- [Assigned task]
Copy the lines below exactly, starting at the one with "Experience the legendary" and ending at the one with "над СКА проклятие", and leave out any picture.

- [Information given]

■ ■ ■ ■ ■

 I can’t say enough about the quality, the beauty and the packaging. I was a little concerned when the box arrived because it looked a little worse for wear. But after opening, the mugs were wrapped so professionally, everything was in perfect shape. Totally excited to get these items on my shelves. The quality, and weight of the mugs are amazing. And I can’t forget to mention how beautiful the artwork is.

■ ■ ■ ■ ■

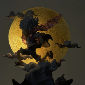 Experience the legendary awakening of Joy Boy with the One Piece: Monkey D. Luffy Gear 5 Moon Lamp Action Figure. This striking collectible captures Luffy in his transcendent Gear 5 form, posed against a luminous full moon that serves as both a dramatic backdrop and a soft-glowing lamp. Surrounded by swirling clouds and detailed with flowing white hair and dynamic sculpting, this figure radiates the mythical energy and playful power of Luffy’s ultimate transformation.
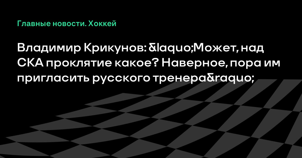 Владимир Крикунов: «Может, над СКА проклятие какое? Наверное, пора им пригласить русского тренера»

■ ■ ■ ■ ■

- [Output for this exercise]
 Experience the legendary awakening of Joy Boy with the One Piece: Monkey D. Luffy Gear 5 Moon Lamp Action Figure. This striking collectible captures Luffy in his transcendent Gear 5 form, posed against a luminous full moon that serves as both a dramatic backdrop and a soft-glowing lamp. Surrounded by swirling clouds and detailed with flowing white hair and dynamic sculpting, this figure radiates the mythical energy and playful power of Luffy’s ultimate transformation.
 Владимир Крикунов: «Может, над СКА проклятие какое? Наверное, пора им пригласить русского тренера»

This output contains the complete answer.